Plugins and the Execution Pipeline#

APL is the policy surface. The pipeline is what runs underneath it: the mechanism that executes a policy’s effects. Most of the time you write APL and never touch the pipeline directly. You reach for it when you extend the set of effects available to policy, by adding a plugin, or when you need to understand exactly how and when effects run.

Hooks#

A hook is a named interception point. The host invokes a hook at an operation boundary (before a tool call, after an LLM completion, around a prompt or resource fetch), and the plugin manager runs the plugins registered there. Hooks are where APL routes attach: a route’s policy phase runs at the pre-invocation hook, its result phase at the post-invocation hook.

When an effect says plugin(pii-scan) or delegate(workday-oauth), it is naming a plugin registered on the relevant hook. The effect is the policy-level intent; the plugin is the code that runs.

The plugin manager#

The PluginManager owns registration, ordering, capability filtering, timeouts, and error isolation. A plugin can:

  • allow the operation to continue,
  • block it with a violation (surfaced as a deny), or
  • modify the payload, using copy-on-write isolation so one plugin’s changes are visible to the next without mutating shared state.

This is the substrate APL effects compile down to. A deny is a block; a redact is a modify; a plugin(...) call is a dispatch.

Execution modes#

A plugin runs in a mode that fixes whether it can block, whether it can modify, and how it runs relative to others.
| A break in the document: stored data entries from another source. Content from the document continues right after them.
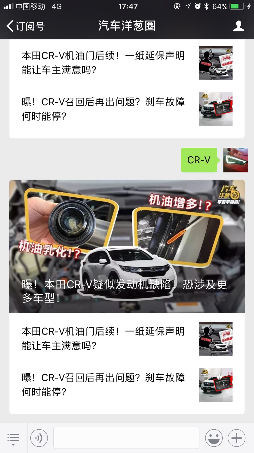 想了解详细情况的小伙伴儿,可以关注我们的微信,回复“CR-V”就能看到啦!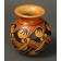 This delightful jar is Dextra Quotskuyva's interpretation of classic Nampeyo family motifs. On this well-formed, polychrome vessel, Dextra has painted bird or bat wings above parallel feathers. It also has a delicate flared neck and rounded walls. This jar dates ca 1980, and the dimensions are 4" diameter x 4 1/4" height. It is signed "Dextra" with corn.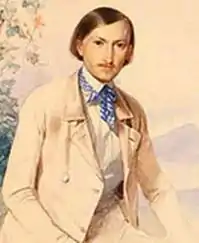 He was an adopted son of painter Maksim Vorobyov. In 1833, he entered the Imperial Academy of Arts, where he studied landscape painting and perspective with his father.[1] He received a silver medal in 1836 and two gold medals (1837 and 1838), the latter for his rendering of the Benckendorff Manor House near Tallinn. He graduated in 1839 and received the title of "Artist".[2]

Modes run in a fixed phase order:

sequential -> transform -> audit -> concurrent -> fire_and_forget
ModeExecutionCan block?Can modify?Use
sequentialserial, chainedyesyespolicy enforcement + transformation
transformserial, chainednoyesredaction, rewriting
auditserialnonologging, metrics
concurrentparallel, fail-fastyesnoindependent gates
fire_and_forgetbackground, after all phasesnonotelemetry, async audit
disablednot loadedplugin off

Error handling is set separately with on_error (fail, ignore, or disable), independent of mode. A sequential policy plugin with on_error: fail denies the operation if it errors; an audit plugin with on_error: ignore never blocks the request even if logging fails.

When to write a plugin#

Write a plugin when policy needs an effect the builtins do not provide: a custom validator, a bespoke PDP resolver, an integration with an internal service. Depend on the lean cpex-sdk crate for the Plugin and HookHandler traits rather than the full runtime. Declare the plugin’s capabilities so it receives only the context it needs (see Extensions & Capability-Gating), register it on a hook, and reference it from APL by its kind or name.

The bundled plugins (identity, delegation, PII, audit, PDPs) are catalogued in Builtins; their wiring is in Configuration.